The spread of China’s dangerous virus has spooked global markets and threatened prospects for economic growth.
An outbreak originating in China and reaching beyond its borders “has summoned fresh fears, sending markets into a wealth-destroying tailspin. It has provoked alarm that the world economy may be in for another shock, offsetting the benefits of the trade truce and the geopolitical easing, and providing new reason for businesses and households to hunker down,” the New York Times explained.
U.S. stock indexes were on track to recover on Tuesday after the S&P 500 suffered its worst day in nearly four months in the previous session on fears that a coronavirus outbreak could hit global economic growth, Reuters explained.
Markets across the world stabilized as the head of the World Health Organisation said he was confident in China's ability to contain the virus outbreak that has killed 106 people, prompted businesses to close operations and curbed travel.
“It’s the uncertainty of how the global economy is going to respond to the outbreak,” Philip Shaw, chief economist at Investec, a specialist bank in London, told the Times. That will depend on the severity, the spread and the duration of the outbreak, he said, and “we don’t really know the answers to any of these questions.”
U.S. economy and markets are not susceptible to a major slowdown due to the virus outbreak because they are more domestically focused, but share prices could falter in the near-term, Citi analyst Tobias Levkovich said in a note.

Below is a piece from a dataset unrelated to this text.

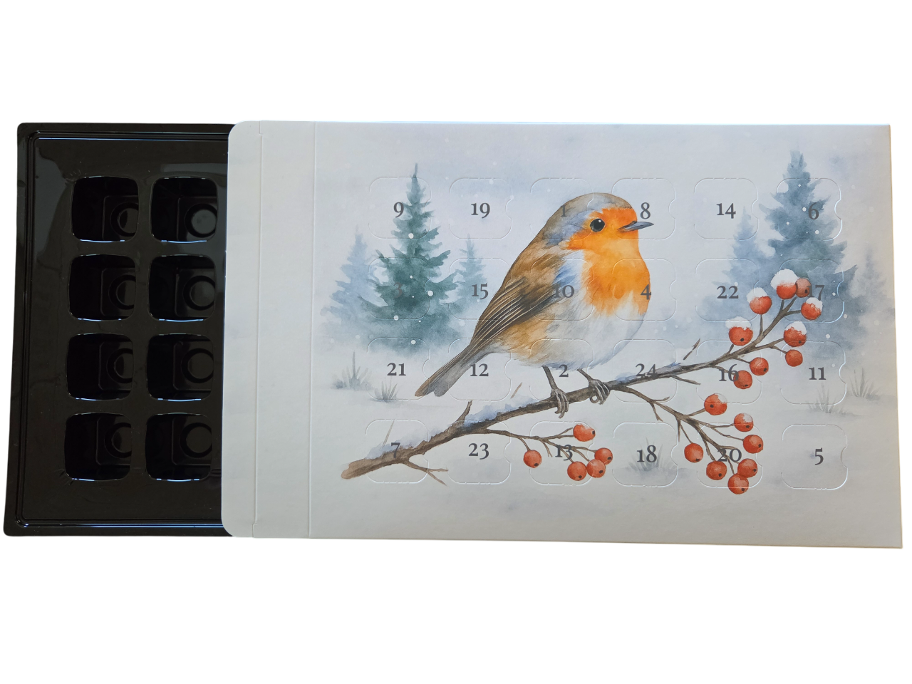 De 24 luckorna döljer avgränsade fack som kan fyllas med choklad/praliner, karameller, små presenter eller hemlagade godsaker. Du kan också använda kalendern för kreativa överraskningar som smycken eller små tvålar.

However, the virus' shock is hitting just as China contends with its slowest pace of economic growth in decades, "reviving fears that its reduced appetite for the goods and services of the world could jeopardize jobs on multiple shores," the Times explained.
“China is obviously slowing down in a structural way,” Silvia Dall’Angelo, senior economist at Hermes Investment Management in London, told the Times. “The global economy is clearly more shaky, with sluggish growth. It is clearly more vulnerable to shocks.”